— Чей хлеб? — выходя из подпола спросил Рогов.
— Чужой хлебушко-то! Ей-богу чужой! У меня на сохранении, — не стал врать Егор.
— Значит, Большова?
— Да уж, наверно, его. Ах ты, грех какой! Ведь все энто из-за нужды! Семейство! Надо же чем-то кормиться.
— И за сколько же ты продался Большому?
— Должишки у меня перед ним скопились, так он посулился сбросить. Коли, говорит, сохранишь, никому не выкажешь, считать должником не стану. А я и муки у него займовал, и овса для коня, и деньжонок малость, чтобы дегтю и карасину купить.
— Давно уже хранишь-то?
— С месяц, не боле. Как летние заготовки начались, так он и привез ко мне. Побоялся я ему отказать!
— Его побоялся, а советскую власть обманул. Июда ты! Натуральный июда! — с презрением сказал Федот Еремеев. — Посмотрел бы на себя со стороны: до чего в холуях дослужился? На мужика-то не похож! Провонял вином, как старый козел. Дворишко весь развалился, вроде беднее тебя никого нет во всей Октюбе. И чего ревешь-то? Прошлый раз, когда я тебя по добру спрашивал, дурачком прикинулся, а теперич слезу пускаешь! Где аппарат припрятан, в яме, что ли?
— В яме, возле болотца, — уныло подтвердил Горбунов.
— На виду?
— Не-е, скрыта яма-то! Ход под копешкой прошлогоднего сена.
— Небось, сам и копал?
— Коли нанялся, то куда денешься?

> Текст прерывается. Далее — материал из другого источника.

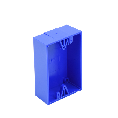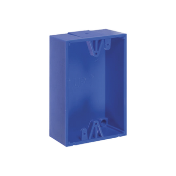 Caja trasera azul KIT-71100A-B de 1.5 pulgadas, fabricada en policarbonato resistente, ideal para sistemas de alarma. Compatible con botones de emergencia STI color azul, tiene un diseño compacto y funcional, perfecto para su instalación en superficie. Proporciona una solución segura y efectiva para alertas de emergencia.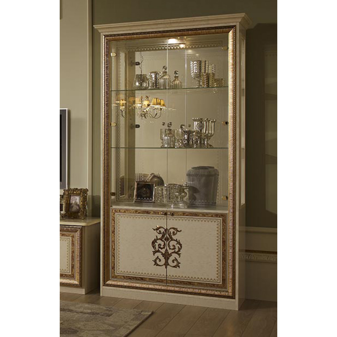 Шкаф-витрина двухдверный Анита (бежевый глянец)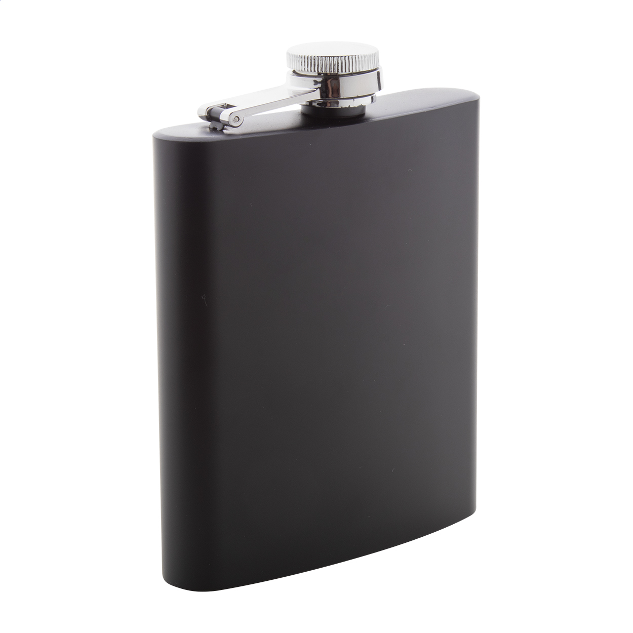 Stainless steel hip flask with black painted surface, 200 ml.

Пришлось копать самому. Землю ведром в болотце относил. У Максима Ерофеевича только и дела-то было: приехать посмотреть.
Горбунов подробно объяснил, где и как найти яму со спрятанным в нее самогонным аппаратом, и перечислил всех первоулочных хозяев, которым по приказанию Большова гнал самогон. Затем вытащил из кармана зипуна палочку с зарубками. По неграмотности он вел на этой палочке учет изготовленного и сданного хозяину вина. Всего набралось двенадцать зарубок, что означало двенадцать двухведерных лагунов.

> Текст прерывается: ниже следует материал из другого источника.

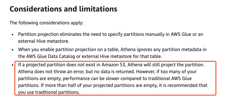 지난 글에서 사용한 partition projection 방식에서 개선 필요한 점이 있어, 2탄을 작성합니다. Athena로 S3에 저장된 VPC flow logs 조회하기VPC flow logs를 Athena로 조회하기 위한 설정 방법을 소개합니다. VPC flow logs 설정 VPC flow logs를 S3에 저장할 때의 주요 설정 항목은 아래와 같습니다. 1.Log record format VPC flow logs에 포함될 필드를 저장합popappend.tistory.com Partition Projection을 사용하며 발견한 이슈기존에 아래와 같이 partition projection을 사용한 DDL문을 사용하여 테이블을 생성한 뒤, 해당 테이블에 대해 쿼리를 실행했을 때, WHERE절에 a..

Слушая признания Егора Горбунова, Павел Иванович, в отличие от Еремеева, держал себя спокойно. Еще каких-нибудь три часа тому назад попадись Горбунов там, в загородке, не пощадил бы он его. За все бы рассчитался: за Саньку, за самогон, за укрытие кулацкого зерна, а главное за предательство, потому что нет хуже врага, чем предатель. Но сейчас… Шевельнулось даже нечто вроде жалости к этому подлецу. Подумал: «Все ж таки хоть и худой мужичишко, а человек. Стало быть, и за него мы тоже в ответе. Вот Большов воспользовался его темнотой, безграмотностью, слабым характером. И сцапал! А мы не дошли до этого человечишка, заслонили другие заботы. Это правда, хлеб теперича для нас главная забота. И пары, и предстоящая молотьба — тоже заботы. Все же, о человеке надо было не забывать».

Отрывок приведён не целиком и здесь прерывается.